Extended Data Fig. 7: Abundance and prevalence of bacterial species biomarkers and the performance of diagnostic models in cohorts from different ethnicities and regions.
From: Noninvasive, microbiome-based diagnosis of inflammatory bowel disease

a-b, Signature of bacterial species biomarkers for UC and CD diagnosis in patients and healthy individuals of discovery cohort, validation cohort, and three downloaded public datasets. The abundance of species was normalized to log2 fold change (log2FC) relative to the mean of control samples. P values were calculated using the two-sided Wilcoxon rank-sum test. P values were then converted to -log10(P-value) after using Benjamini–Hochberg correction to control for multiple testing.
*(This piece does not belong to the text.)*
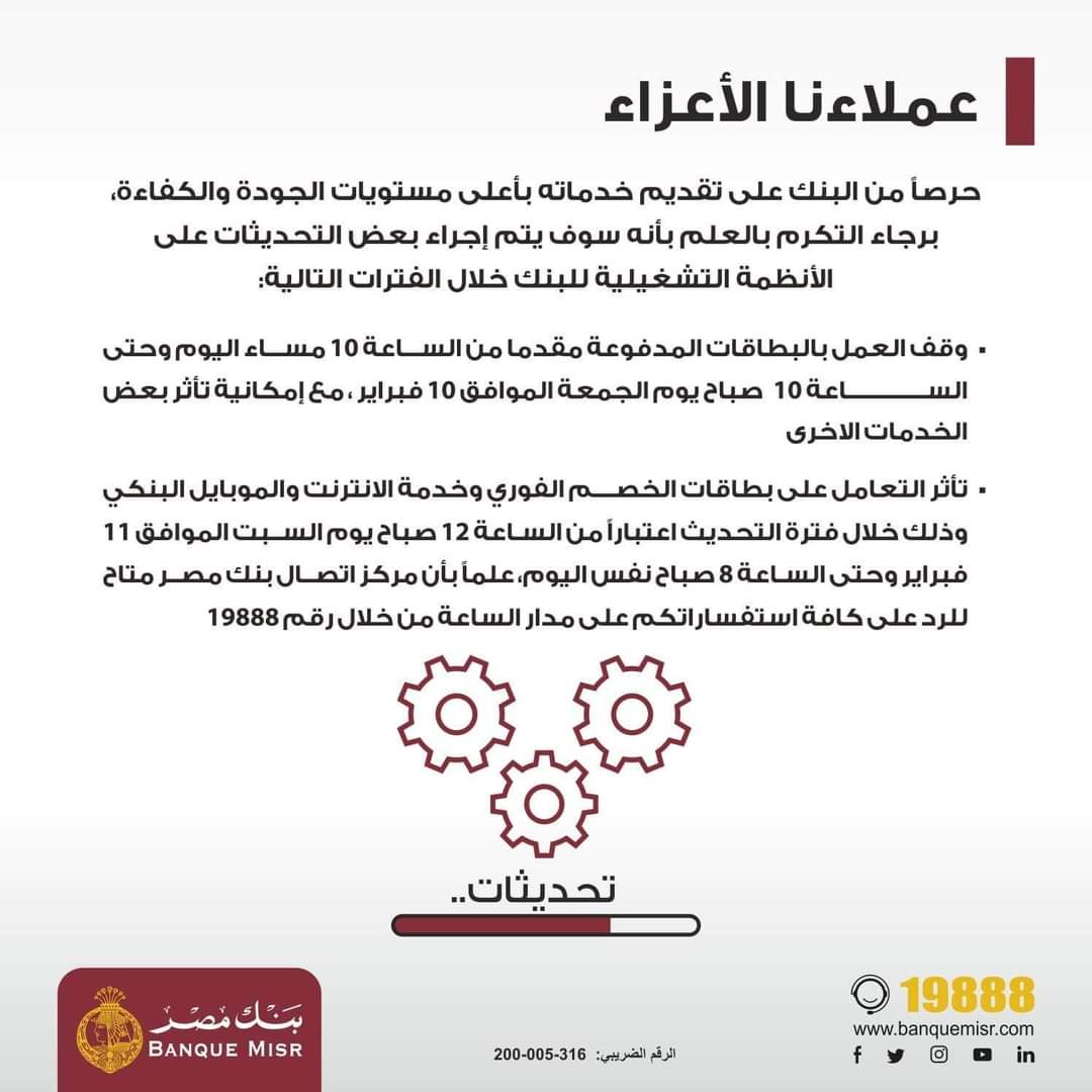 - تأثر التعامل على بطاقات الخصم الفوري وخدمة الانترنت والموبايل البنكي وذلك خلال فترة التحديث اعتبارًا من الساعة 12 صباح يوم السبت الموافق 11 فبراير وحتى الساعة 8 صباح نفس اليوم، علمًا بأن مركز اتصال بنك مصر متاح للرد على كافة استفساراتكم على مدار الساعة من خلال رقم 19888
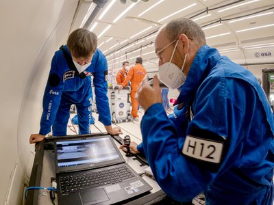 Die aktuellen Flüge fanden in der vergangenen Woche statt. Im Rahmen eines innovativen Forschungsprojektes mit dem Deutschen Zentrum für Luft- und Raumfahrt setzte Professor Günster dabei eine Versuchsreihe zum Thema additive Fertigungsverfahren bzw. 3D-Druck in der Schwerelosigkeit fort. Mit an Bord war nicht nur wieder ein Drucker, der von der Clausthaler Firma DHM Prüfsysteme hergestellt wurde. Mit an Bord war dieses Mal auch der Inhaber des Unternehmens, Dr. Harald Müller, ein Alumnus der TU Clausthal.

Prevalence indicates the proportion of bacterial presence in UC, CD, and healthy group of each cohort. c, The probability of disease calculated by the random forest model between UC/CD patients and controls in Hong Kong discovery cohort (205 UC,174 CD, 118 controls), validation cohort from Hong Kong (139 UC, 139 controls; 92 CD, 108 controls) and Australia (98 CD, 81 controls), and public datasets from the United States (53 UC, 68 CD, 34 controls), Netherlands (23 UC, 20 CD, 22 controls) and mainland China (25 UC, 15 controls; 48 CD, 54 controls). Data were shown in boxplots as the median (centre line), 25th and 75th percentiles (box limits), and 5th and 95th percentiles (whiskers). P values were calculated using the two-sided Wilcoxon rank-sum test. d, Correlation among the ten UC bacterial species biomarkers. UC-depleted bacteria were labelled with green color while the UC-enriched ones were labeled with yellow color. e, Correlation among the nine CD bacterial species biomarkers. CD-depleted bacteria were labelled with green color while the CD-enriched ones were labeled with orange color. Grids in red indicated positive correlation, while grids in blue indicated negative correlation. The correlation coefficient and two-sided P value were given by Spearman correlation. *p < 0.05, **p < 0.01, ***p < 0.001. CD: Crohn’s disease; UC: Ulcerative colitis.